Recall that we assume in contrast to the assertion that the trade-off between the size of N (including the attached proof) and the size of some equivalent \(\text {DPDA}\) D is given by a recursive function f, that is \(|D|\le f(|N|)\). Then f(|N|) can be computed from N, and all \(\text {DPDA}\)s whose size is at most f(|N|) can be enumerated. Since the family of deterministic context-free languages is effectively closed under complementation, each \(\text {DPDA}\) P in the list can be replaced by a \(\text {DPDA}\) accepting the complement of L(P). Since finiteness of deterministic context-free languages is decidable, each \(\text {DPDA}\) that accepts an infinite language can be removed from the new list. The decision of finiteness of deterministic context-free languages includes the computation of an upper bound for the length of the longest word in the language.

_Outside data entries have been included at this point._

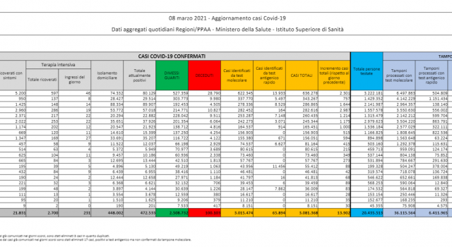 L’Isola, con i suoi 24 casi gravi di Covid-19, si trova dietro la Calabria (32) e dietro la P. A. Bolzano (39):
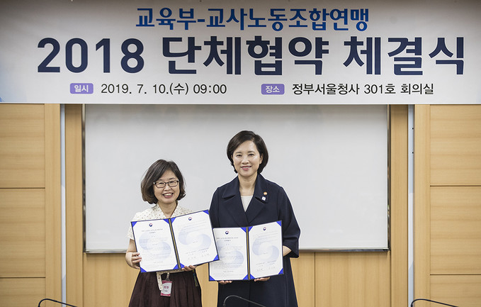 교육부와 교사노동조합연맹(교사노조연맹)이 교권 강화 및 처우 개선 등에 대한 단체협약 체결을 맺었다. 교육부가 교사들로 구성된 교원노조와 단체협약을 체결한 것은 17년 만이다.
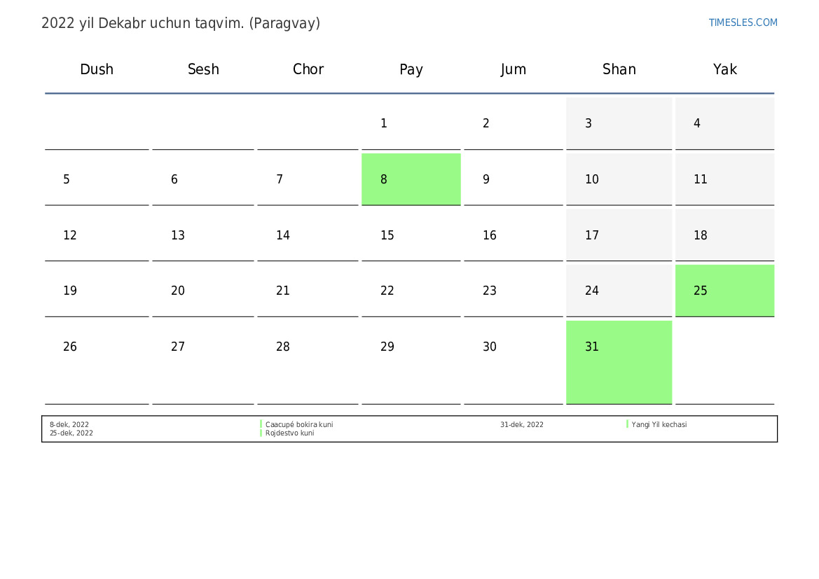 Paragvay uchun 2022 yil Dekabr uchun ta'til va dam olish kunlari taqvimi
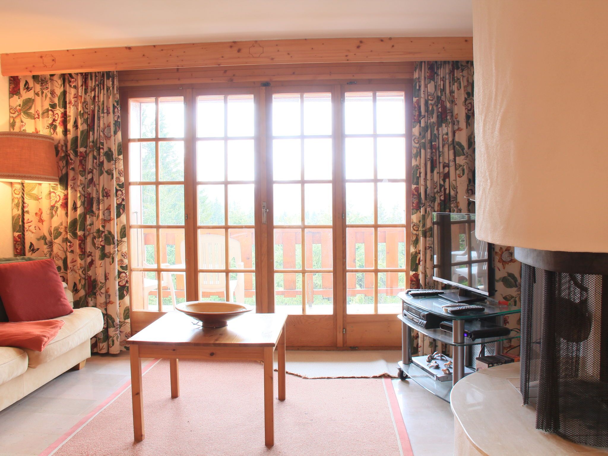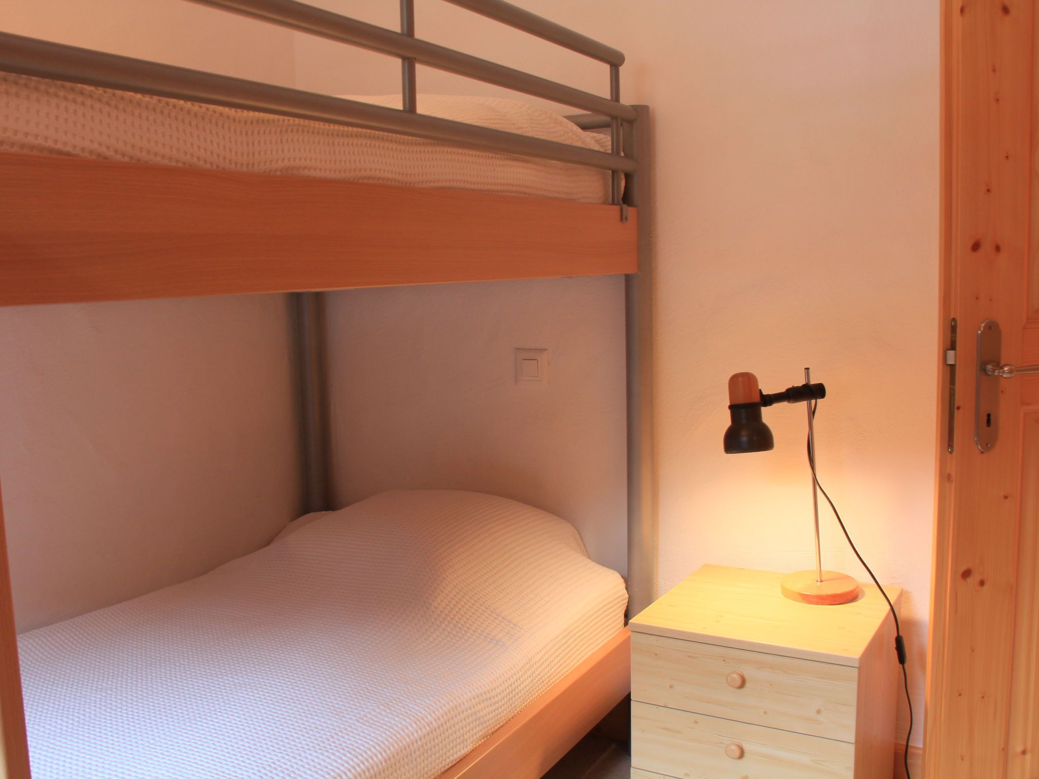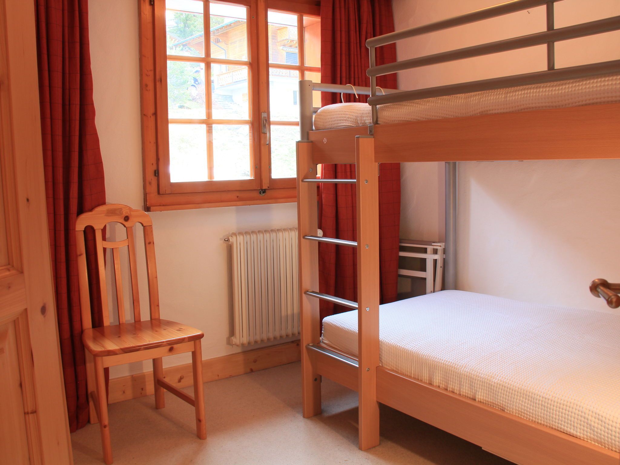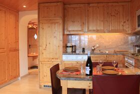 Dauphin 7, 2-Zimmer-Wohnung 36 m2 im 1. Stock, Südostlage. Schön eingerichtet: Wohn-/Esszimmer mit offenem Kamin, Esstisch und TV (Flachbildschirm). Ausgang zum Balkon, Richtung Osten und Richtung Süden. 1 Zimmer mit 1 x 2 Etagenbetten (90 cm, Länge 200 cm). Offene Küche (4 Kochplatten, Backofen, Geschirrspüler, Toaster, Wasserkocher, Mikrowelle, Tiefkühler, elektrische Kaffeemaschine, Racletteofen). Bad/WC. Kleiner Balkon 10 m2, Ostlage und Südlage. Balkonmöbel. Schöne Panoramasicht auf die Berge. Zur Verfügung: Haartrockner. Internet (Wireless LAN, gratis). Bitte beachten: Nichtraucher-Unterkunft.
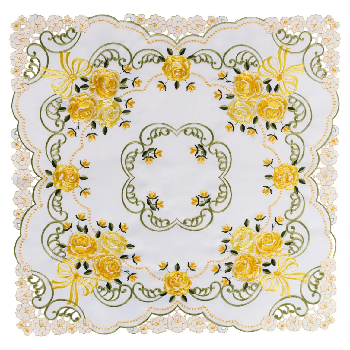 Diese Mitteldecke verzaubert mit ihrem filigran bestickten Rosenmuster und bringt einen Hauch von Romantik in Ihr Zuhause. Ob für festliche Anlässe oder den täglichen Genuss – die edle Tischdecke setzt stilvolle Akzente und fügt sich harmonisch in jede Einrichtung ein. Das hochwertige Material sorgt für eine lange Haltbarkeit und pflegeleichte Nutzung. Ein echter Blickfang für Ihren Tisch!
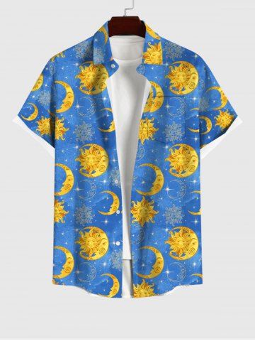 Short Sleeves Shirts > Plus Size Sun Moon Glitter Stars Print Button Pocket Shirt For Men
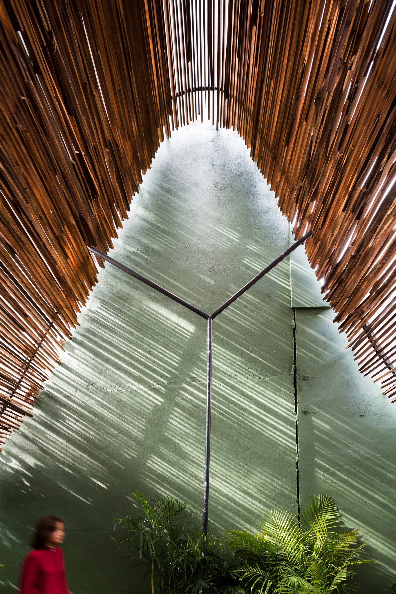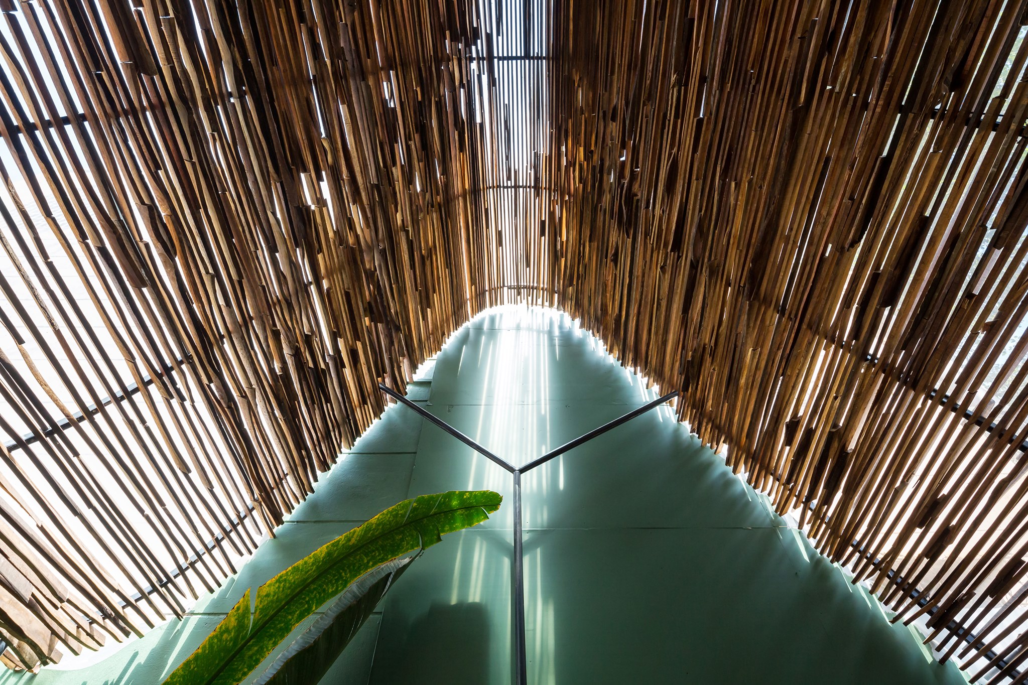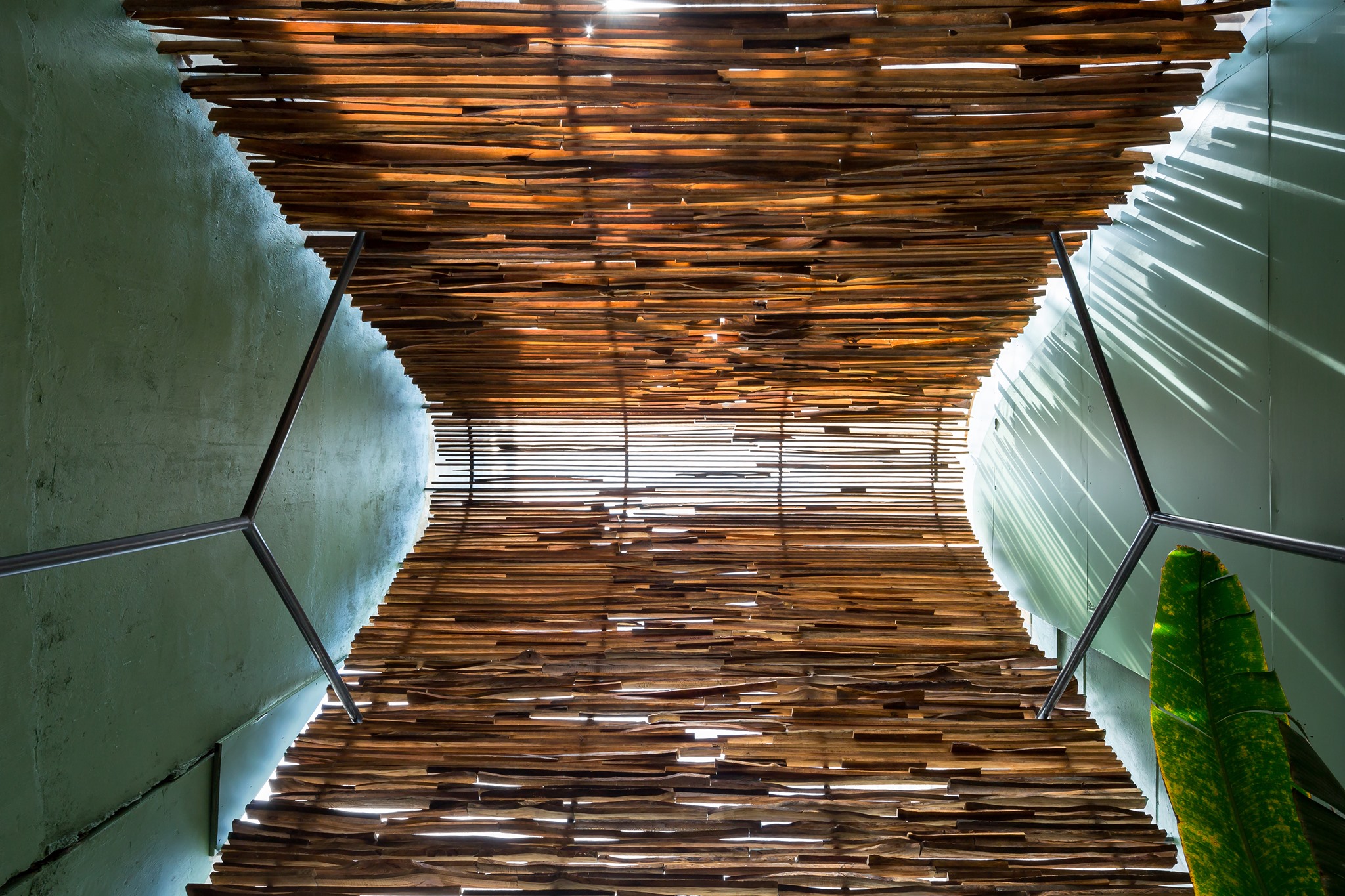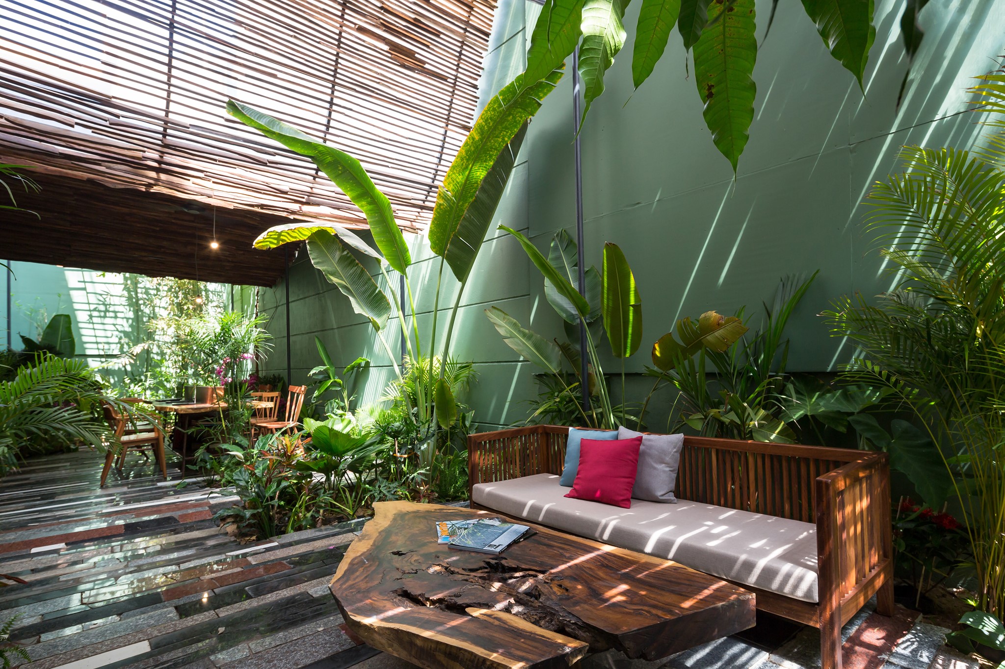 Thế nên mọi vật liệu dư thừa, lượm lặt, mọi lợi thế của khu đất, mọi nguồn nhân lực có sẵn đều được sử dụng triệt để: nhân công là thợ của xưởng gỗ cùng các bạn ở văn phòng, đá bìa thải ra từ các mỏ đá địa phương để làm sàn, những mẫu gỗ thừa của xưởng gỗ để lợp mái, cây xanh có sẵn tại khu đất và còn dư của các công trình thi công để làm vườn, mượn mảng tường của 6 nhà hàng xóm sơn lại làm vỏ bao che… tất cả để tạo nên một công trình tự nhiên, hoang dã nhất có thể với tên gọi “sóng ở Vũng Tàu”.

So, an upper bound for the length of the longest word accepted by any of the remaining \(\text {DPDA}\)s in the list can be computed. Moreover, among the remaining \(\text {DPDA}\)s there must be one that accepts the finite complement of L(D). The finite complement of L(D) is the language \(\text {VALC}(M_c)\). Clearly, the longest word in \(\text {VALC}(M_c)\) is longer than the longest word in \(L(M_c)\). As before, an upper bound of the length of this longest word can be computed from D. But recall that the length of the longest word in \(L(M_c)\) gives the latest time step at which a Turing machine of size c halts on empty tape.

Finally, it suffices to simulate the given Turing machine M for this number of steps in order to decide whether it halts on empty tape or not.    \(\square \)

6 Untouched and Open Questions

We have started to study the properties of Boolean kernels of the family of context-free languages. Since little is known about kernels, many questions and problems remain open or untouched. Exemplarily, we mention some of them: (1) Is there a Boolean kernel \(\kappa \in {{\,\mathrm{\gamma }\,}}_{{\text {BOOL}}}(\mathrm {CFL})\) that is closed under reversal or are all these kernels non-closed under reversal? (2) Further non-trivial closure properties of kernels are of natural interest. (3) A machine characterization of the complementation kernel of the context-free languages in terms of self-verifying pushdown automata is known [2]. Basically, the characterization is given by a machine for the underlying language family, where the acceptance condition is modified. Are there machine characterizations of other kernels? (4) In [5] an improved version of Earley’s algorithm is adapted to context-free grammars which are extended by complement and intersection operators retaining cubic behavior. More generally, in [11] so-called conjunctive and Boolean grammars are studied. Can these techniques be applied to sub-families of context-free languages in order to find characterizations of kernels? (5) Alternative characterizations of kernels could be generators, where a generator is some smallest set of languages whose closure under certain operations is the kernel. Based on a generator, the languages in the kernel could be represented as expressions.